Minutes for FTB-MPI conference call - 2010 Sep 8th
- Argonne National Lab: Rinku, Darius
- Oak Ridge National Lab: Aniruddha, Hoony, Thomas, David
- Ohio State University: Ouyang
- Indiana University: Abhishek
- University of Tennessee: Absent
- Lawrence Berkeley National Lab: Paul
- E-Poster for CIFTS submitted. Second poster is waiting for slides from everyone. Deadline for slides is Sep 13th. If no slides are received by this date, the poster will be cancelled.
- Rinku could not present FTB 1.0 feature list due to lack of time. Postponed to next week.
- Reliability: The conference call last week was followed by a lot of discussion on the mailing list. It was ultimately decided that having separate API for reliability would be the way to go. This proposal was seconded by everyone. Rinku and David are to work on an initial API that can be used for reliability (It was decided that we take a scenario (ex: that involving the job scheduler) and frame the API around it. It was also decided that we should re-check if some suitable API already exists for our needs.

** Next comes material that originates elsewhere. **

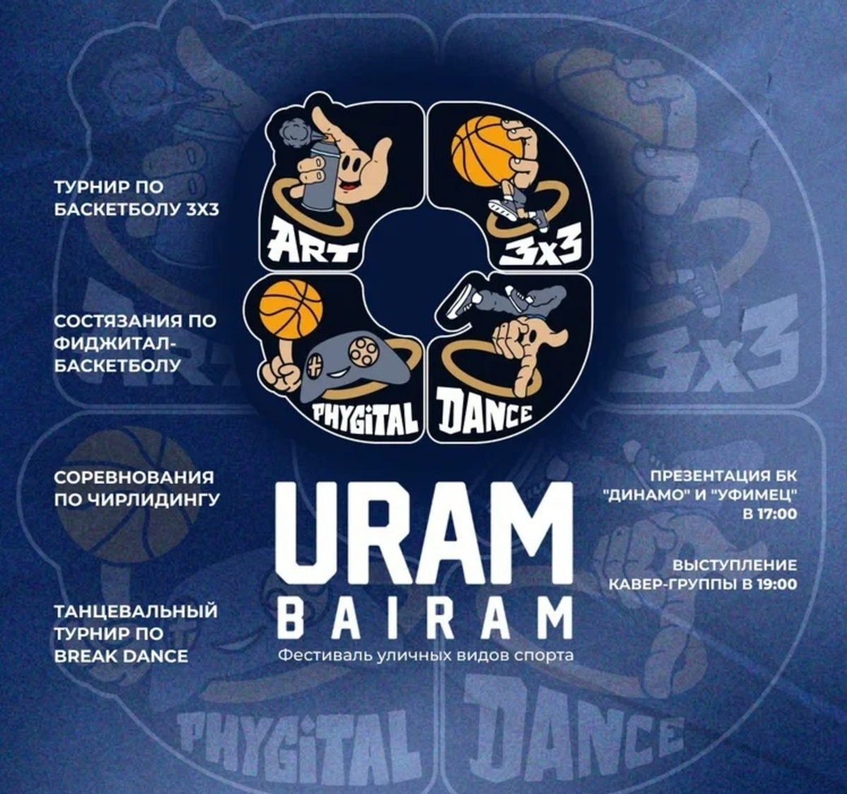 Фестиваль состоится 13 сентября в «Арт-Квадрате», сообщили в оргкомитете. В программе турниры по баскетболу 3х3, чирлидингу, фиджитал-соревнования и баттлы по брейк-дансу. В соревнованиях по баскетболу 3х3 примут участие юноши и девушки 12 — 15 лет, юниоры и юниорки 16 — 21 года, а также мужчины и женщины от 22 лет. Регистрация команд — на платформе FIBA 3x3 до 7 сентября. Для участия в турнирах по фиджитал-баскетболу, брейкингу и чирлидингу необходимо зарегистрироваться на сайте https://dynamoufa.ru/. В рамках фестиваля состоится презентация обновленного состава баскетбольного клуба «Динамо», а также команды БК «Уфимец». Гости смогут пообщаться со спортсменами во время автограф- и фотосессий, а также принять участие в активностях с баскетболистами. Фестиваль дополнят выступления диджеев Martinez и Air, а также кавер-групп «Summer breeze» и «Sunrise». Открытие фестиваля — в 17.00. Финальные игры по баскетболу начнутся в 17.30, выступления музыкальных коллективов — в 19.00 (6+). Вход и

- David, Aniruddha continuing work with their IPDPS paper
- No update on test scripts from Thomas
- Hoony presented slides on robustness in FTB.
- Everyone agreed that the d-fault tolerant design was a good addition to improve FTB robustness
- This will be added in FTB 1.0
- Ouyang will attend the next few calls instead of Raghu. No significant update by Ouyang. OSU folks are working on their MVAPICH release.
- Abhishek to send the MPI document to the team. The new team member (name ?) is looking at MTT to be used in the testing nvironment.
- Paul said he didnt have any significant updates.
- Aurelien was absent due to some travel. [Aurelien did mention offline that we would be interested in being involved in the topology and reliability related work in FTB]